Walking With God

WALKING WITH GOD

Noah was a righteous man, blameless in his generation.  Noah walked with God.  Genesis 6:9

         Noah did it.  Enoch did it.  Am I doing it?

         God is going in a certain direction.  I can’t walk with Him unless I’m going where He’s going.  He walks with His back toward sin and His face towards righteousness.  If I’m traveling alongside Him, I will also treat sin with hostility.
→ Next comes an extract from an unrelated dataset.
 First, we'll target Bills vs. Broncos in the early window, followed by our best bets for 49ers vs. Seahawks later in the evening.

         God is moving in situations; in people I love, in churches I visit or attend, in strangers I encounter.  To walk with God is to discern where and how He’s working and then add my part to its progression.  I confirm what God is doing by noticing it within someone, giving words to what might be tenuous, and then encouraging that person to travel further in God’s direction.

         The work of God can be confusing for someone when it’s in its infant stages.  Like all of us, they wonder if it is God they heard.  They took a baby step and are timid to take the next one.  If I have God eyes and ears for that person, I can verbally pinpoint their fear and applaud how far they’ve come.  My engagement with them will give them the courage to take the next step.  I love the spiritual definition of friendship.  ‘To call out of the deep what is unknown to another.’
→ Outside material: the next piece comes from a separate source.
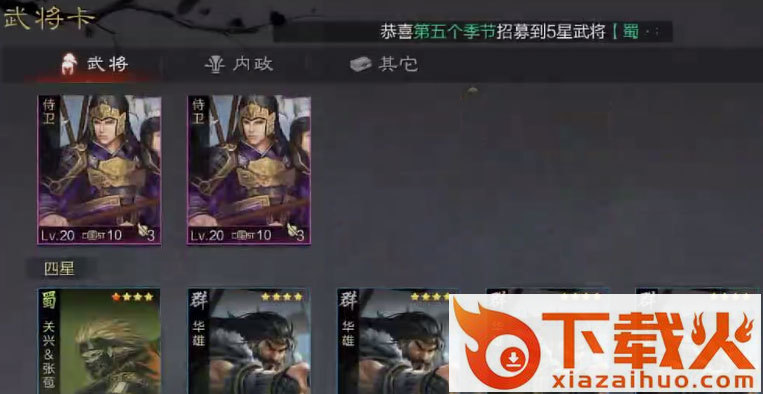 3、点击招募,招募之后会有武将的星级和名字,可以在武将的卡牌列表看到武将的等级还有全部武将,如果星级太低或者不合适在考虑转换掉,招募还可以在武将列表中选择特定的武将进行招募。
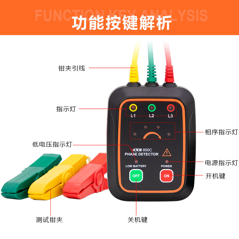 VICTOR triumph VC850C VC850D phase sequence meter detector three-phase alternating current phase meter phase meter

         To walk with God means we’re not hostile, God and me.  “Do two walk together unless they have agree to do so?”Amos 3:3 God goes where it’s messy.  Am I willing to get involved in issues that will take great wisdom to navigate?  God knows the power of His Word.  Do I?  Am I willing to stick my neck out when my only security for success depends on a word from scripture?

         I must be building where God is building; not tearing down what He wants to construct.  I must be willing to demolish what He hates; not continually patching up what He wants put to death.  I must love what He loves; not ridiculing what is dear to Him.  I must hate what He hates; not secretly embracing what is repelling to Him.

         To believe that I walk with God because one day in 1974 I became a Christian, is foolishness.  Walking involves one step at a time.  Every 10 seconds, a step is taken either physically or mentally.  Was it one God took?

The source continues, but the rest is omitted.